- [DATA EXTRACT]:
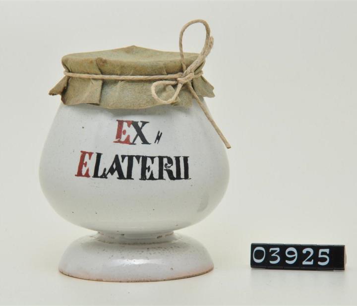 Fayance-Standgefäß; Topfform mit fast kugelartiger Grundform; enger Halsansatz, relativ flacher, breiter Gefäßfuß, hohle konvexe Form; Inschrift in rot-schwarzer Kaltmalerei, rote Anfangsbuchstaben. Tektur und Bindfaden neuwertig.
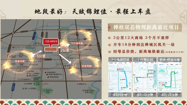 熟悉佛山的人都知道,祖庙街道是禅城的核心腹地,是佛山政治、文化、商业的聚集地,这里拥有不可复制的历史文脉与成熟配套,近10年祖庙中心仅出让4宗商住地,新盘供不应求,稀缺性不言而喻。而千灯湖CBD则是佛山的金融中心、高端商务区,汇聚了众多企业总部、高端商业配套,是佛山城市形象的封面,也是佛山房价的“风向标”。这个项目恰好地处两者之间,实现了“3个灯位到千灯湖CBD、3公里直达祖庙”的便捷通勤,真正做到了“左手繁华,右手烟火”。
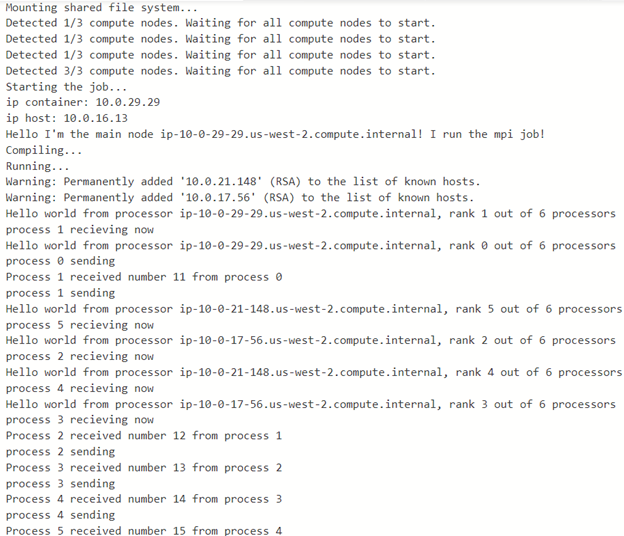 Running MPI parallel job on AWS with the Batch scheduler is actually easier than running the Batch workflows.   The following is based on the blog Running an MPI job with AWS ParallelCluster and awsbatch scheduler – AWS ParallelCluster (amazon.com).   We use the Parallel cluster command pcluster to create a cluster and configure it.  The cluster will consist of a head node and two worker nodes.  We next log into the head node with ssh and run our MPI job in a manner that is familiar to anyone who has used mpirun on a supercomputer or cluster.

- [PROBLEM DESCRIPTION]: Repeat the data in full and exactly. Omit pictures.

- [RESPONSE TO THIS EXERCISE]:
 Fayance-Standgefäß; Topfform mit fast kugelartiger Grundform; enger Halsansatz, relativ flacher, breiter Gefäßfuß, hohle konvexe Form; Inschrift in rot-schwarzer Kaltmalerei, rote Anfangsbuchstaben. Tektur und Bindfaden neuwertig.
 熟悉佛山的人都知道,祖庙街道是禅城的核心腹地,是佛山政治、文化、商业的聚集地,这里拥有不可复制的历史文脉与成熟配套,近10年祖庙中心仅出让4宗商住地,新盘供不应求,稀缺性不言而喻。而千灯湖CBD则是佛山的金融中心、高端商务区,汇聚了众多企业总部、高端商业配套,是佛山城市形象的封面,也是佛山房价的“风向标”。这个项目恰好地处两者之间,实现了“3个灯位到千灯湖CBD、3公里直达祖庙”的便捷通勤,真正做到了“左手繁华,右手烟火”。
 Running MPI parallel job on AWS with the Batch scheduler is actually easier than running the Batch workflows.   The following is based on the blog Running an MPI job with AWS ParallelCluster and awsbatch scheduler – AWS ParallelCluster (amazon.com).   We use the Parallel cluster command pcluster to create a cluster and configure it.  The cluster will consist of a head node and two worker nodes.  We next log into the head node with ssh and run our MPI job in a manner that is familiar to anyone who has used mpirun on a supercomputer or cluster.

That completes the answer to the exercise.